[nvmewin] Samsung Patch for Bus Reset Enhancements
Parag Sheth
parag.sheth at seagate.com
Mon Nov 3 15:53:48 PST 2014
Hi Alex,
The changes look good. I approve the patch.
Thanks
Parag Sheth
On Mon, Nov 3, 2014 at 1:49 PM, Alex Chang <Alex.Chang at pmcs.com> wrote:
> Thanks, Carolyn.
>
>
>
> Alex
>
>
>
> *From:* Foster, Carolyn D [mailto:carolyn.d.foster at intel.com]
> *Sent:* Monday, November 03, 2014 1:30 PM
> *To:* Alex Chang; suman.p at samsung.com; Judy Brock-SSI;
> nvmewin at lists.openfabrics.org
> *Subject:* RE: RE: Samsung Patch for Bus Reset Enhancements
>
>
>
> Hi Alex, I approve the patch.
>
>
>
> Carolyn
>
>
>
> *From:* Alex Chang [mailto:Alex.Chang at pmcs.com <Alex.Chang at pmcs.com>]
> *Sent:* Monday, November 03, 2014 2:25 PM
> *To:* suman.p at samsung.com; Judy Brock-SSI; Foster, Carolyn D;
> nvmewin at lists.openfabrics.org
> *Subject:* RE: RE: Samsung Patch for Bus Reset Enhancements
>
>
>
> Hi Carolyn and Parag/Rick,
>
>
>
> Please let me know if you approve the patch.
>
>
>
> Thank you very much,
>
> Alex
>
>
>
> *From:* SUMAN PRAKASH B [mailto:suman.p at samsung.com <suman.p at samsung.com>]
>
> *Sent:* Wednesday, October 29, 2014 5:02 AM
> *To:* Judy Brock-SSI; Foster, Carolyn D; Alex Chang;
> nvmewin at lists.openfabrics.org
> *Subject:* Re: RE: Samsung Patch for Bus Reset Enhancements
>
>
>
> Content-Type: text/plain; charset=UTF-8
>
> Content-Transfer-Encoding: 8bit
>
> Date: %%SENT_DATE%%
>
> Subject: Suspect Message Quarantined
>
>
>
>
>
>
>
> WARNING: The virus scanner was unable to scan an attachment in an email message sent to you.
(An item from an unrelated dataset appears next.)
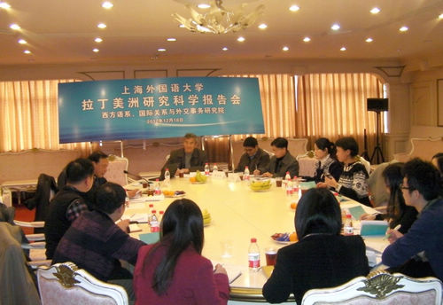 2012年12月18日下午一点半,西方语系和国际关系与外交事务研究院共同举办的拉美研究科研报告会在上外会议中心凯旋厅举行。会议由西方语系主任陆经生教授和国关院副院长韦宗友教授主持,特别邀请上海市社会科学院发展中国家研究中心张家哲研究员和上海国际问题研究院美洲中心张明德研究员参加并做重要发言。西方语系和国关院的部分教师出席了会议。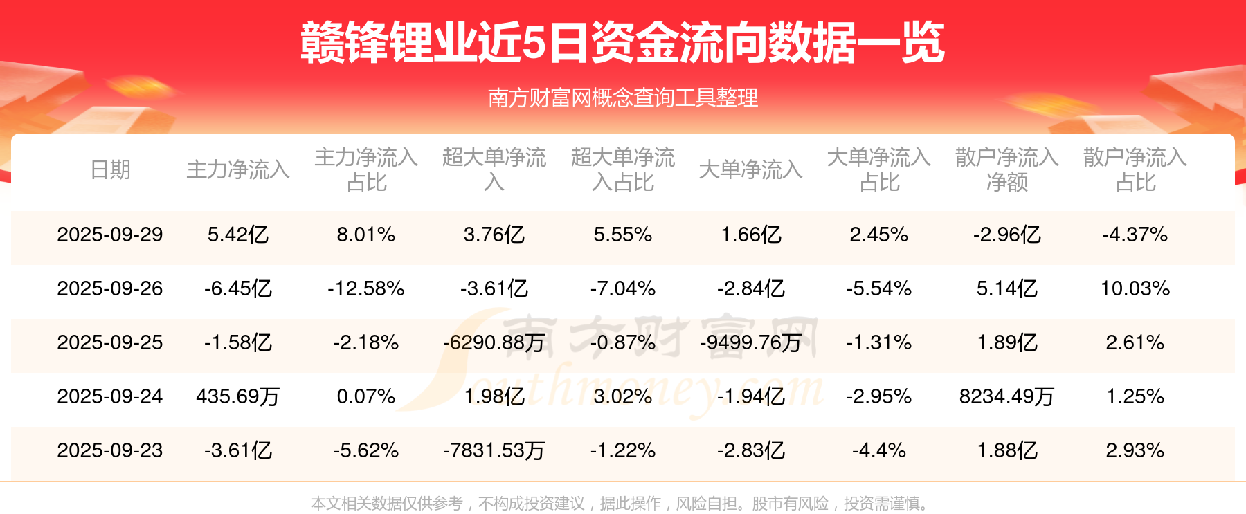 9月29日消息,贛鋒鋰業(yè)9月29日主力凈流入5.42億元,超大單凈流入3.76億元,大單凈流入1.66億元,散戶凈流出2.96億元。

This attachment could possibly contain viruses or other malicious programs. The attachment could not be scanned for the following reasons:
>
>
>
> %%DESC%%
>
>
>
> The full message and the attachment have been stored in the quarantine.
>
>
>
> The identifier for this message is '%%QID%%'.
>
>
>
> Access the quarantine at:
>
> https://puremessage.pmc-sierra.bc.ca:28443/ <https://urldefense.proofpoint.com/v2/url?u=https-3A__puremessage.pmc-2Dsierra.bc.ca-3A28443_&d=AAMGaQ&c=IGDlg0lD0b-nebmJJ0Kp8A&r=QOwFo5M7MYyQeT06CcSuSQHSUdSO20xC9GZe6-T9Svk&m=6bm0ONW6oD10WH5fcm7if9lz_4yuDxwQDOPCn5mU9Yw&s=b2GnSQGHpa21kYJfPDjqPt8x7boc4Emgnawu5qX8pz4&e=>
>
>
>
> For more information on PMC's Anti-Spam system:
>
> http://pmc-intranet/wiki/index.php/Outlook:Anti-Spam_FAQ <https://urldefense.proofpoint.com/v2/url?u=http-3A__pmc-2Dintranet_wiki_index.php_Outlook-3AAnti-2DSpam-5FFAQ&d=AAMGaQ&c=IGDlg0lD0b-nebmJJ0Kp8A&r=QOwFo5M7MYyQeT06CcSuSQHSUdSO20xC9GZe6-T9Svk&m=6bm0ONW6oD10WH5fcm7if9lz_4yuDxwQDOPCn5mU9Yw&s=IRya09wPpH0ZT31Tw0U53C7xVd8p1lDQoFqiNOaEjk0&e=>
>
>
>
> IT Services
>
> PureMessage Admin
>
>
>
> Hi Alex,
>
> I have revised the patch with the following review comments incorporated -
>
> 1. Both polledMode and hwResetInProg are used for exactly same purpose.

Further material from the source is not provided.